Нетерпеливый Дато поторапливал старого купца:
— И чего сидеть нам в Киеве? Так-то всю зиму просидим. Сгниет мой товар, кому тогда будет нужен?
— Товар твой не лежалый, ничего с ним не станется, — успокаивал картлийца Ярун, — а нынче, когда на дорогах шумно, лучше сидеть за надежными стенами. Вот разберутся Рюрик со Святославом, тогда и тронемся. Вои — народ озорной, оторвали их от земли, от родного крова, приучили к безделью, а человек без дела хуже лесного зверя. Куда спешить?
— Не кровь у тебя в жилах, а водица, — возражал ему горячий Дато. — Если всего бояться — зачем жить?
— Экой ты нетерпеливый, — смеялся Ярун. — А вот мы привыкли жить с оглядкой. Раз оглянешься, два оглянешься, в третий раз пригнешься, а стрела-то над головой и пролетит.
— Оглядываться — только шею крутить. Если твоя стрела, все равно смерти не миновать. А два раза в землю не ложиться.
— Ложился я и два раза, а в третий охоты нет. Впервой было, когда ходил к Дышечему морю, а во второй раз совсем недавно, под самым Галичем…

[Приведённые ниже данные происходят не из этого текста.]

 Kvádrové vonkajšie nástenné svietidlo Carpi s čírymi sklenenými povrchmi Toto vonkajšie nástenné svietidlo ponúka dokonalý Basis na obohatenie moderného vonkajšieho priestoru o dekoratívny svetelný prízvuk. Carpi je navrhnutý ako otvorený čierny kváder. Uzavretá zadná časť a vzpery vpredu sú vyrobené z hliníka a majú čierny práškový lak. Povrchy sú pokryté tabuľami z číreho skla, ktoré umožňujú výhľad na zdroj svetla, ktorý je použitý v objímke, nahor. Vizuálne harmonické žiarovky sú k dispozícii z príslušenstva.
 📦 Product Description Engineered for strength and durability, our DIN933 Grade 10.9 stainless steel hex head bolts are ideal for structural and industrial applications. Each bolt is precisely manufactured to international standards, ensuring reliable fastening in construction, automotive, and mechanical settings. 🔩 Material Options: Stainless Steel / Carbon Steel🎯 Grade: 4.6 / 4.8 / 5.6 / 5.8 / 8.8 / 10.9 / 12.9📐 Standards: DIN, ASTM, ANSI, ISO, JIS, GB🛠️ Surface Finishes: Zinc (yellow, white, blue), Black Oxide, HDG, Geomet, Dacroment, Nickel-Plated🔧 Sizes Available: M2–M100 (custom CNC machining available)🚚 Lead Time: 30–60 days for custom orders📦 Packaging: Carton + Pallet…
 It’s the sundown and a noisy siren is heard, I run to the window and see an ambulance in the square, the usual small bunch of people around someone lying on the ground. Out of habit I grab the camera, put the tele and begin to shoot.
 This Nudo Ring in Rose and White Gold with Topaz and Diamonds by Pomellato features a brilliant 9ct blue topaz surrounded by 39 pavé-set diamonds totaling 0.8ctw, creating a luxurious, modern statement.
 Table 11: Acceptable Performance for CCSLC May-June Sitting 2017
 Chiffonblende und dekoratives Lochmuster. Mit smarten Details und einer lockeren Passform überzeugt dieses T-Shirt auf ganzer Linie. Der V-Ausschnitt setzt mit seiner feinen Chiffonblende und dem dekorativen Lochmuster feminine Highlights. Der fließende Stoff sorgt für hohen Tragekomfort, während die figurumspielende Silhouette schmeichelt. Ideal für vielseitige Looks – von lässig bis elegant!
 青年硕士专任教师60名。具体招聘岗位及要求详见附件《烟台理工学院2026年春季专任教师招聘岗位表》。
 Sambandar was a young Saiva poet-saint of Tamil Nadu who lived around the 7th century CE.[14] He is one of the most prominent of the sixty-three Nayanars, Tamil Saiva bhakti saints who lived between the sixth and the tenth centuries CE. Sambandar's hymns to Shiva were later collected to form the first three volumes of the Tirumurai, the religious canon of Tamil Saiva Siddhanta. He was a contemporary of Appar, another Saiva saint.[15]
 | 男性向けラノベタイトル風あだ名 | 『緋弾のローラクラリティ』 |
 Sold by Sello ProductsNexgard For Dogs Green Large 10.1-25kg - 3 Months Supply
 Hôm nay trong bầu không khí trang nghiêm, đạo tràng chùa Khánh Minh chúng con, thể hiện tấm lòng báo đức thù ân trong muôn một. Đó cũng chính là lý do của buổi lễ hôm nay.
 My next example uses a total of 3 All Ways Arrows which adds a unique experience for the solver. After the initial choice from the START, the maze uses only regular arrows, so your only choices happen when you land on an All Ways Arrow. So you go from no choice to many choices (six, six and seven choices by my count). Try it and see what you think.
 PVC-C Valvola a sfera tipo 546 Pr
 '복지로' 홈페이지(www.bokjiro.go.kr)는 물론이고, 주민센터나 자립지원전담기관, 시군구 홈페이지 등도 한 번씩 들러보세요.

Слушая Яруна, покачивал Дато головой:
— А напугал ты меня, купец. Может, повернуть, пока не поздно? Товара жалко, да своя голова дороже…
— Со мной не бойся, — рассмеялся Ярун. — Иль невдомек тебе, что я завороженный?
— Ты-то завороженный, а меня детки дожидаются.
— Чай, и мне еще белого света поглядеть охота.
— Отчаянный ты человек.
— Отчаянный, да не сорви-голова, как ты. Если бы не я, завтра же пустился бы ты в дорогу.
С того дня Дато немного попритих. Оставив его на подворье, Ярун с Зорей отправились на торг, выспрашивали, что слышно на Горе.
Однажды поднялся в городе сильный шум. Тут уж сразу смекнул Ярун, что неспроста зашевелились оружейники. Дни и ночи дымились в посаде домницы, бойко стучали молотки.
— Чей наказ? — интересовался Ярун у оружейников. Отрываясь от наковален, оружейники говорили:
— Князев.
Шел Ярун к щитникам и к бронникам. И их про то же спрашивал. И они отвечали, что наказ у них князев.
— Дождались, — сказал Ярун картлийцу. — Не нынче, так завтра идет Рюрик на Святослава.
2Сгущались сумерки. Митрополит киевский Никифор, сидя в кресле перед столом на толстых дубовых ножках, молчал. Смуглое лицо его с темными, как маслины, глазами было непроницаемо.
Перед митрополитом, склонившись, стоял горбатенький ромей с большими оттопыренными ушами — верный слуга его Агапит. Облаченный в просторную хламиду из серой шерсти, горбун сливался с погружающимися во мрак стенами: лицо его, плоское и невыразительное, являло собой олицетворение покорности.
Никифор вздохнул и потянулся рукой к писалу, брошенному поверх большого пергаментного листа.